No, only one half if the car is placed AFTER the door is
opened. The car is distriuted BEFORE the door
is opened. You are opening then placing. You cannot do
that! Place the car THEN open the doors in ALL combinations.
Place then open. Do not open then place! Do you understand?,
you are driving me mad.
>
>3. If the contestant constrains his second choice, this last
>probability may change. If he decides always to stick to his
>first choice, the second ‘choice' is now forced.

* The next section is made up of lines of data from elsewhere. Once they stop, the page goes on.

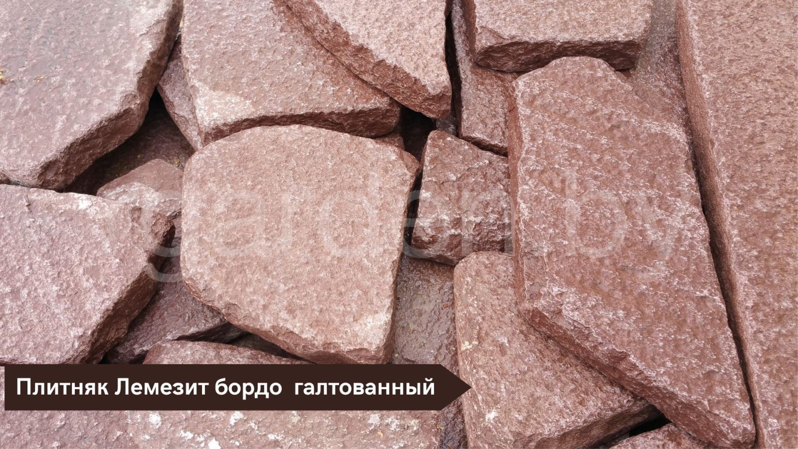 Также мы предлагаем Лемезит Бордо в галтованном варианте ( со слегка скругленными краями), таким камень получается после специальной обработки в барабане.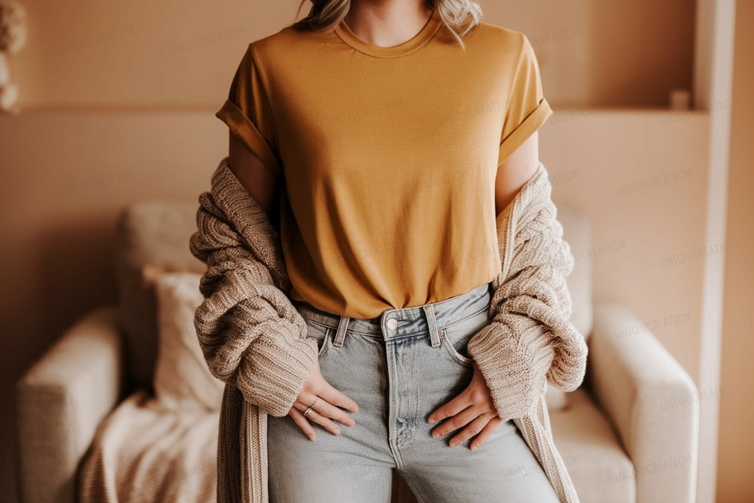 Similar Design Products to Mustard shirt light denim jeans knit cardigan mockup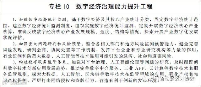 ——数字经济治理体系更加完善。协调统一的数字经济治理框架和规则体系基本建立,跨部门、跨地区的协同监管机制基本健全。政府数字化监管能力显著增强,行业和市场监管水平大幅提升。政府主导、多元参与、法治保障的数字经济治理格局基本形成,治理水平明显提升。与数字经济发展相适应的法律法规制度体系更加完善,数字经济安全体系进一步增强。
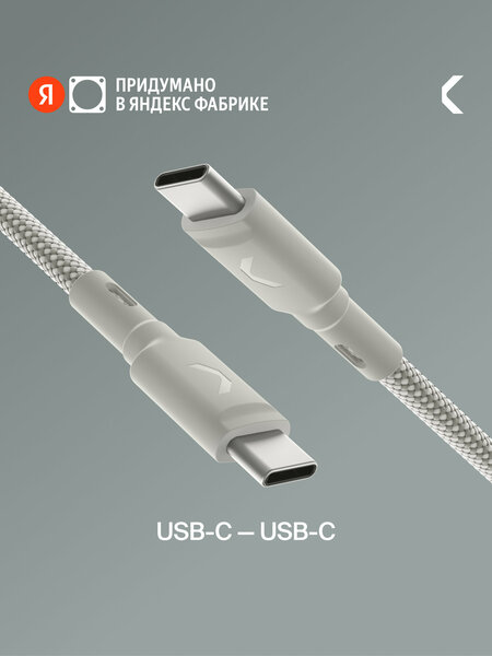 Commo — это бренд аксессуаров для мобильной электроники, придуманный в Яндексе. Commo Range Cable — это USB-C — USB-C кабель, длиной 1,2 метра. Подходит для зарядки смартфонов, наушников и других устройств. Усиленное нейлоновое плетение и прочный коннектор из прорезиненного пластика защищают от перегибов, разрывов и повреждений. Удобный ремешок помогает аккуратно и компактно хранить провод — и брать его с собой в поездки и путешествия. Полный Commo-комплект из кабеля и зарядного блока можно собрать на commo.ru.

No sir, the probabilty on the second door is 2/3 even if the
choice is made after one door is eleminated. Run a simulation
and see, but make sure to label the same doors with the same number
each round.
He has
>essentially eliminated the probability of one half of
>winning on the second choice; he wins only if his first
>choice was correct Thus the probability of winning overall
>remains one third.
> If he decides always to switch, then he has anulled the
>one third probability of being right first time. He wins if
>his first choice was wrong with a probability of two thirds,
>since Monty has eliminated the other possible wrong first
>choice. If his first choice was right - with a probability
>of one third - he has given it up, and loses. (In this case,
>it might appear that he can lose in two ways, depending on
>Monty's choice of door, but neither of these possible events
>alter the contestant's choices, and hence lie within the one
>in three chance of the his first choice being wrong.)
>
>4. If the contestant decides before his first choice to
>switch at his second chance, he converts his two chances of
>choosing wrongly to winning choices, since Monty has to
>eliminate the other wrong choice. He does this at the
>expense of losing his one in three chances of having been
>right first time.
>
>5. So decide to switch every time, and never change your
>mind at the second choice. If you do, half the time you'll
>be wrong.
NO, That is wrong, wrong, wrong. If the door would have
been 2/3 by "keeping" your switch choice after the door was open,
then not switching is 1/2? 1/2+2/3=1? You are crazy